◆ EXERCISE
Only the lines from the start of the data through the line with "(1) 先將檸檬和橙皮有顏色的部份刨出,小心不要刨到白色的部份" belong in the copy. Restate them word for word, minus the pictures.

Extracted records
________

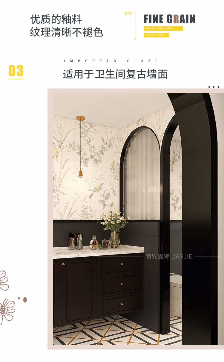 Ретро черно -белая плитка для ванной комнаты французская желтая 鹂 микрометровая плитка из дерева
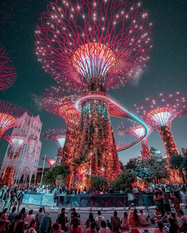 位于滨海湾亲水黄金区域整个园区最让人印象深刻的要素要数几十米高的“擎天大树”了
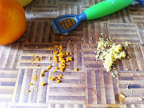(1) 先將檸檬和橙皮有顏色的部份刨出,小心不要刨到白色的部份
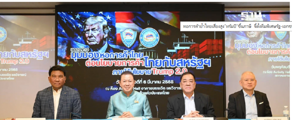 รายงานข่าวจากหอการค้าไทย (6 มี.ค. 2568) ผู้บริหารของหอการค้าไทยได้ออกแถลงการณ์ย้ำรัฐบาลให้เตรียมความพร้อมรับมือกับการเปลี่ยนแปลงนโยบายการค้าของสหรัฐอเมริกา ภายใต้การบริหารของประธานาธิบดีโดนัลด์ ทรัมป์ ซึ่งมีความเสี่ยงส่งผลกระทบต่อเศรษฐกิจไทยและโลกอย่างมีนัยสำคัญ ทั้งนี้ไทยมีความเสี่ยงที่จะถูกขึ้นภาษี เนื่องจากเป็นหนึ่งในประเทศที่สหรัฐขาดดุลการค้าในลำดับที่ 11
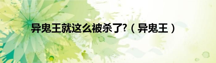 大家好,小晋来为大家解答以下问题,关于异鬼王就这么被杀了?,异鬼王很多人还不知道,今天让我们一起来看看吧!
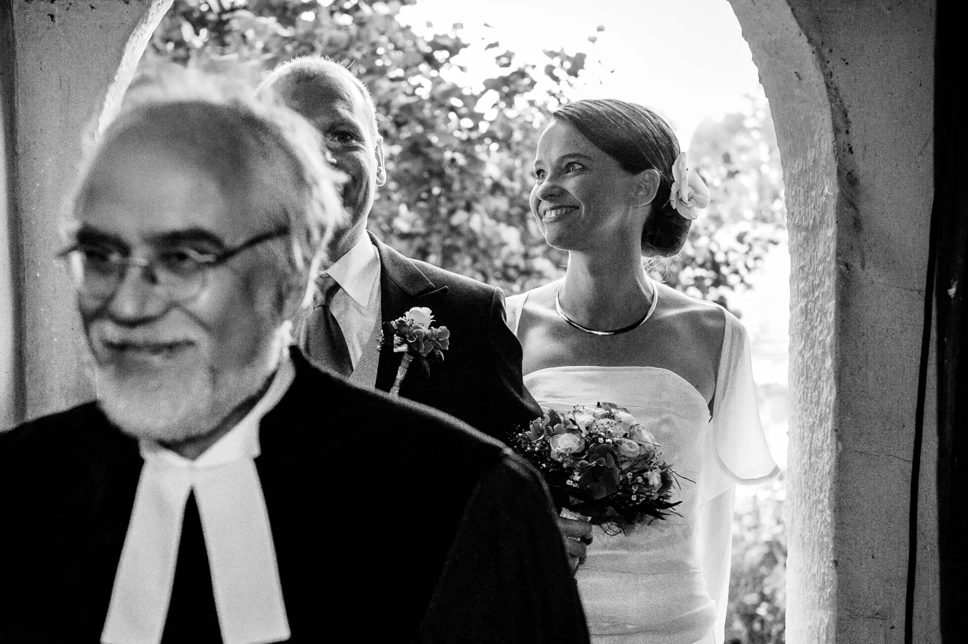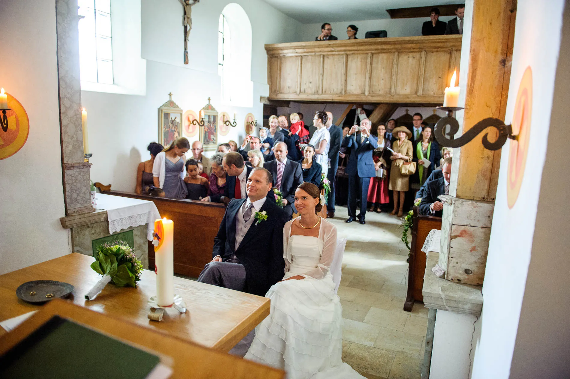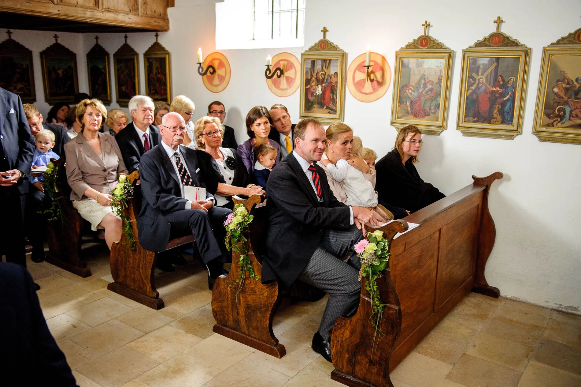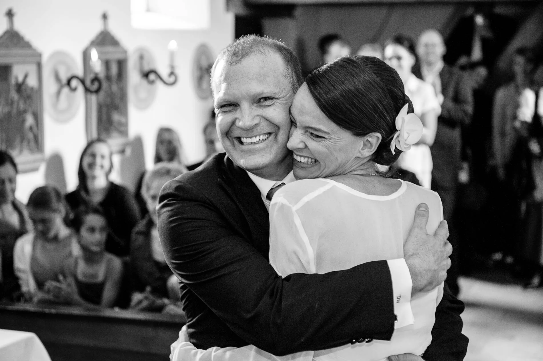 Auf einem Hügel thront die romanische Kirche aus dem 11. Jahrhundert. Hier können sowohl evangelische als auch katholische Trauungen stattfinden – ein Detail, das für viele Paare die Planung erleichtert. Mein Brautpaar entschied sich für den klassischen Einzug: gemeinsam, bestens gelaunt, der Pfarrer voran. In der Kirche wechselten sich Tränen der Freude und Tränen der Rührung ab – ein Wechselspiel, das selbst für einen erfahrenen Hochzeitsfotografen nie Routine wird.

________

◆ ANSWER TO THE PROBLEM
 Ретро черно -белая плитка для ванной комнаты французская желтая 鹂 микрометровая плитка из дерева
 位于滨海湾亲水黄金区域整个园区最让人印象深刻的要素要数几十米高的“擎天大树”了
(1) 先將檸檬和橙皮有顏色的部份刨出,小心不要刨到白色的部份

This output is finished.